In addition to being synonymous with beer and bratwurst, did you know that Germany used to be synonymous with toys too? Germany monopolized the global toy market until World War I. The Lehmann Company was part of the German powerhouse. Founded by Ernst Paul Lehmann in 1881 in Brandenburg, the company produced small, tin toys with strong spring mechanisms that powered fun movements.

As opposed to iron, tin toys were lighter and less expensive. I mean, who wants to play with a dumbbell? Tin also allowed for colorful, lithographed designs that appealed to both boys and girls. We know our climbing monkey is a Lehmann toy because of the maker’s mark on his red hat, and EPL (Ernst Paul Lehmann) 385 and his name (Tom) on the other side. We’re guessing they labeled his hat so he wouldn’t lose it. Tom climbs the string with a gentle pull; relax the string and he’ll climb down. While our Tom doesn’t get much exercise, check out his counterpart’s moves.

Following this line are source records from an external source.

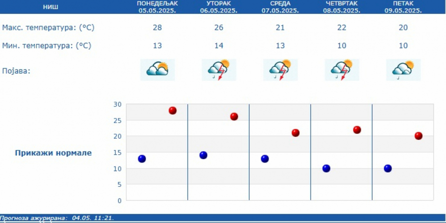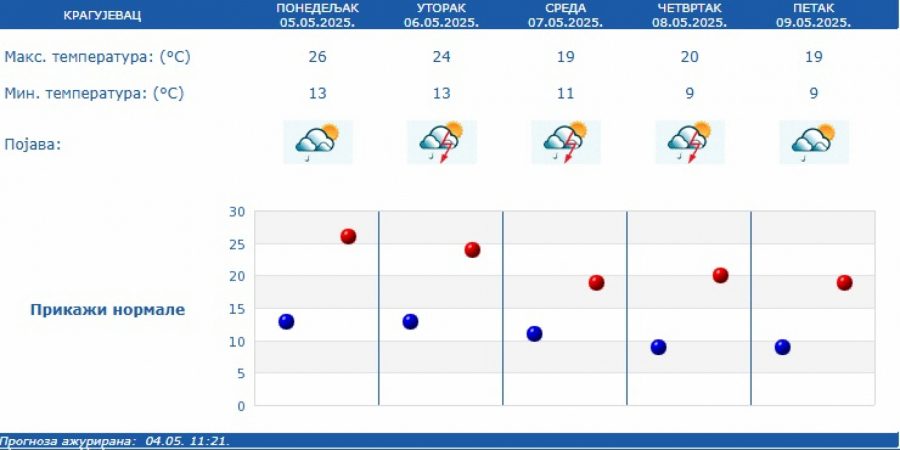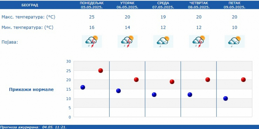 Prema izgledima vremena u Srbiji za narednih sedam dana, do 12. maja, očekuje se promenljivo oblačno, malo svežije i nestabilno, povremeno sa kišom i lokalnim pljuskovima sa grmljavinom, češćim u prvoj polovini sedmice, kada su lokalno moguće obilnije padavine, kratkotrajna pojava grada i jak vetar u zoni najjačih pljuskova.
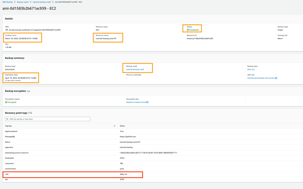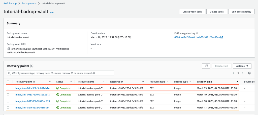 "backupVaultArn": "arn:aws:backup:ap-southeast-2:484673417484:backup-vault:tutorial-backup-vault",
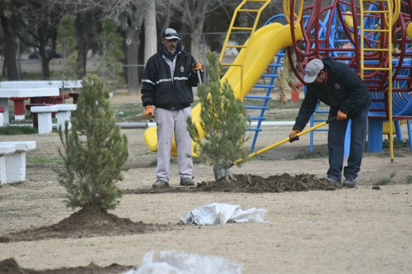 Ciudad Juarez, Chihuahua – Personal de la Dirección de Parques y Jardines plantó 40 pinos afganos en el parque El Chamizal, en la zona conocida como pozo cuatro, como parte de la estrategia para el mejoramiento del arbolado de este espacio, dio a conocer Daniel Iván Zamarrón Saldaña, titular de la dependencia.
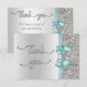 Faux Teal Bow Silver Sequins Thank You Wedding Card
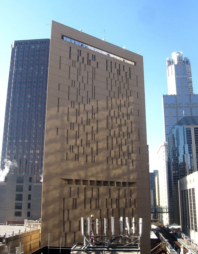 El Centro Correccional Metropolitano de Chicago es un imponente edificio triangular de hormigón. Tiene 28 pisos y fue diseñado por el arquitecto Harry Weese.
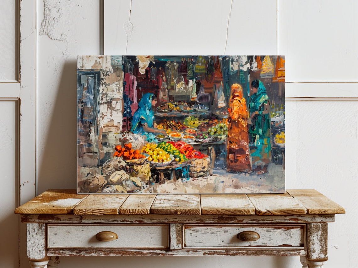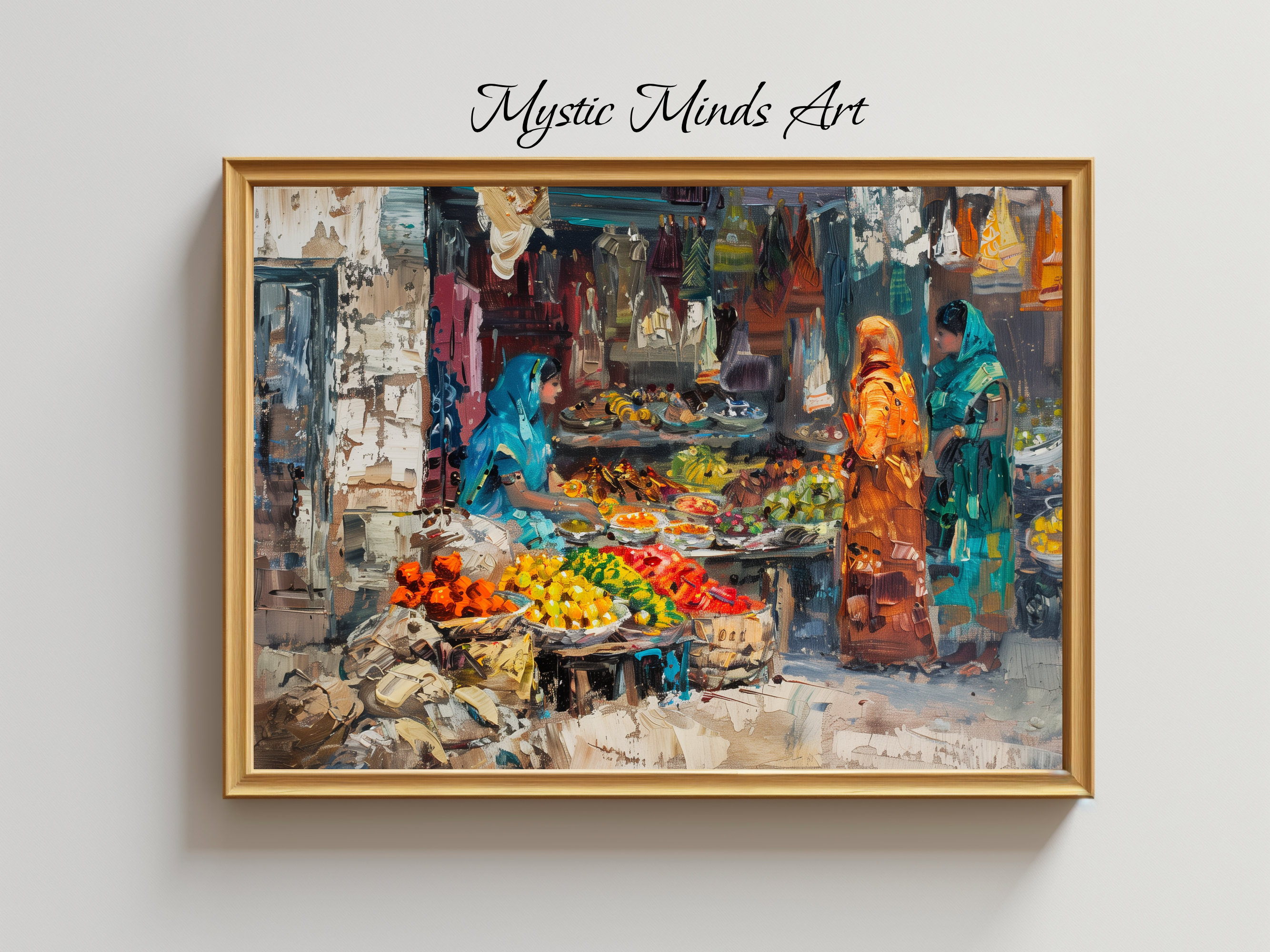 Vibrant Bazaar: Colors of India. Stunning Oil Painting of Indian Street ...
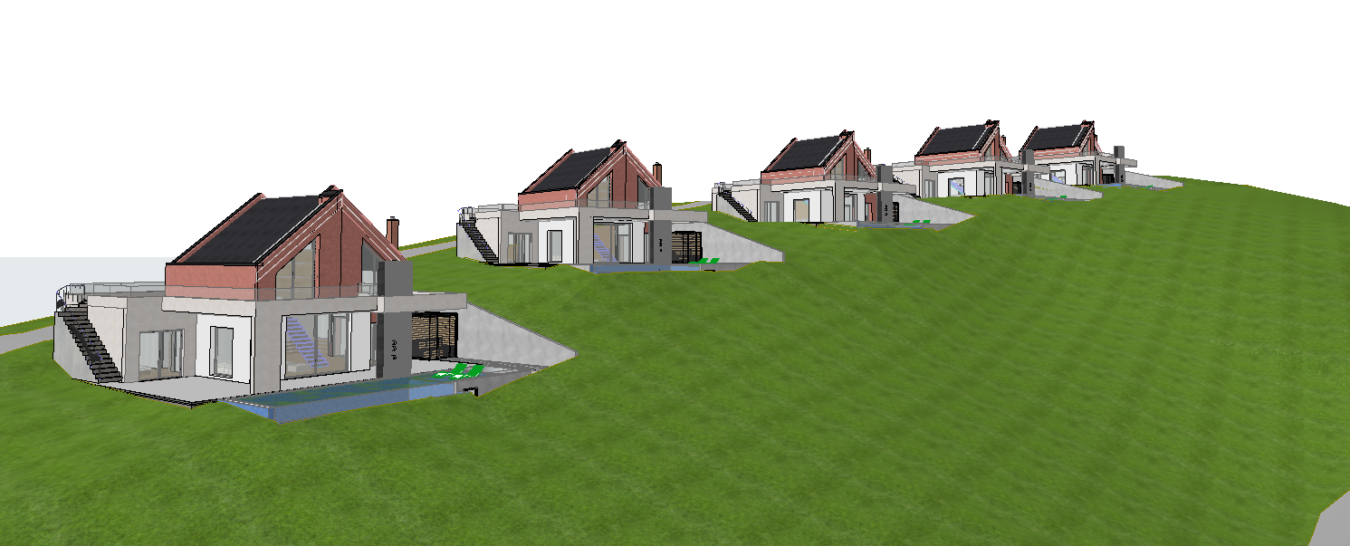 exterior shot these are some villas designed in a mountainous terrain the villas have red brick facades and the roof is made of sheet metal put some greenery the greenery and trees should look more real and the render should not look dry the render should not be warm colors but the ambient light should be brighter and be realized during the day the render should not look like a drawing but realistic don t change the villas to be as they were designed the facade should be made of red bricks don t change the villas just the environment put a tree in the environment so it doesn t look empty don t change the terrain put real green grass and add some trees to the environment architecture

You Say Samovar, I Say Wine Fountain

Acquisto Wine Fountain

We originally thought that one of the more than 100 pieces of Pete Acquisto’s miniature silver work in the T/m collection was a samovar. That is until Acquisto came to visit the museum in 2011. He prefers making miniatures in the style of American and English silversmiths from the 16th to the 18th centuries. So, it makes sense that the silver piece we thought was a Russian samovar is actually a wine fountain.

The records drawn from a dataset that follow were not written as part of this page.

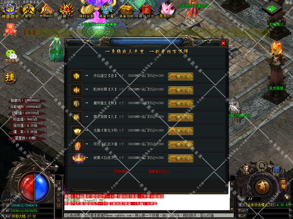 01-742独家正品骷髅大极品神器单职业传奇版本-带假人-SD插件-自动回收 | ||
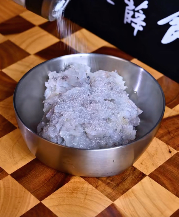 Step 3: Add a pinch of salt and pepper to the minced shrimps. Mix evenly before putting the bowl aside.
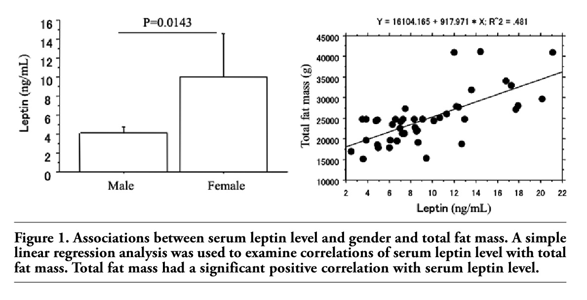 Figure 1 also shows the correlation between the serum leptin level and the total fat mass according to a simple regression analysis.
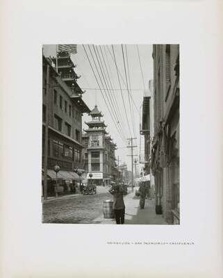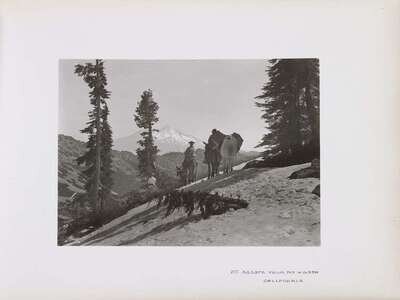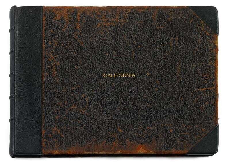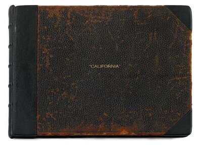 Leather bound album featuring 50 photographs of California scenes, with printed inscriptions on each page. Each image approx: 6 x 8 in. (15.2 x 20.3cm)
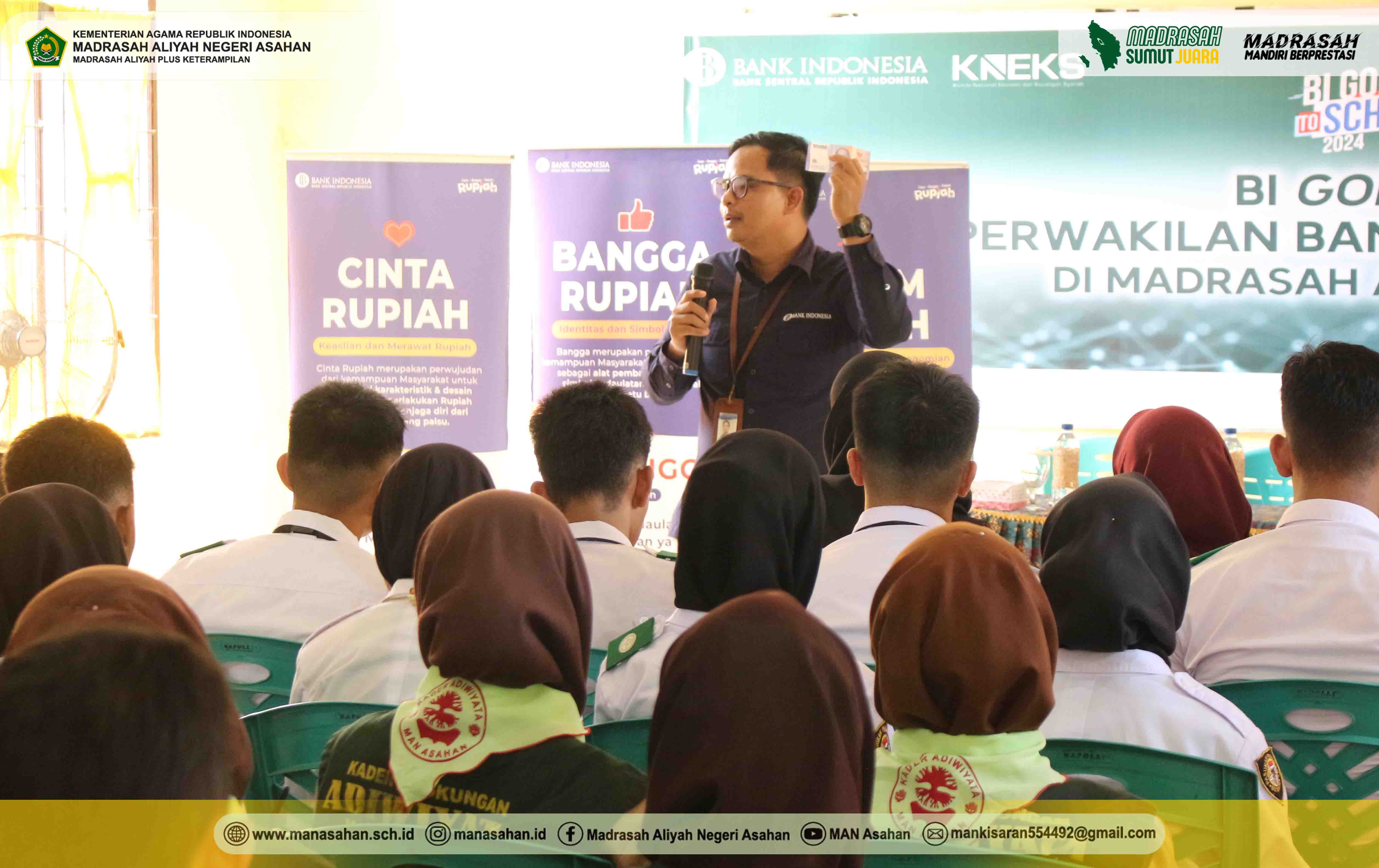 Dari kegiatan ini diharapkan dapat menambah dan memperkaya pengetahuan para peserta didik MAN Asahan terkait bagaimana Bank Indonesia berperan dalam perekonomian Indonesia dan sistem perbankan di Indonesia, serta mengetahui bagaimana cara membedakan uang asli atau palsu, merawat dan memperlakukan uang Rupiah sebagai wujud kecintaan terhadap Rupiah. (wd)

Wine fountains were used to rinse glasses before they were refilled for guests at the dining table. The Victoria and Albert Museum has a similar wine fountain on loan in their collection. The V&A’s silver wine fountain was made by Pierre Platel, a prestigious Huguenot goldsmith, in London, England.

Similar to Platel, Acquisto is also prestigious, holding the International Guild of Miniature Artisans’s (IGMA) highest honor as a Fellow member. IGMA was founded in 1978 to promote fine miniatures as an art form. Fellow membership is awarded to those, like Acquisto, whose work develops into the epitome of excellence. We couldn’t agree with them more!

The Toy World’s Highest Honor

2013 National Toy Hall of Fame Finalists

It’s the EGOT of the toy world! On October 1, the National Toy Hall of Fame announced the 2013 finalists for induction into the hall: bubbles, chess, Clue, Fisher-Price Little People, little green army men, Magic 8 Ball, My Little Pony, Nerf toys, Pac-Man, rubber duck, scooter, and Teenage Mutant Ninja Turtles. Only two lucky toys will join the prestigious list of hall of famers.

Although a national selection committee will choose the 2013 inductees, you can cast your vote in the public poll. So far, the 1980s toys are the front-runners… gnarly dude!

Don’t see your favorite toy? Then submit a nomination for 2014. But first, make sure your nominee passes the hall’s rigorous set of criteria: the toy must be widely recognized and respected; it must have longevity, having been enjoyed by generations; it must foster learning, creativity, or discovery; and it has to be innovative, having profoundly changed play or toy design. Does your favorite toy have what it takes?

Photo: Courtesy of The Strong, Rochester, New York.

Look, I Can Swim!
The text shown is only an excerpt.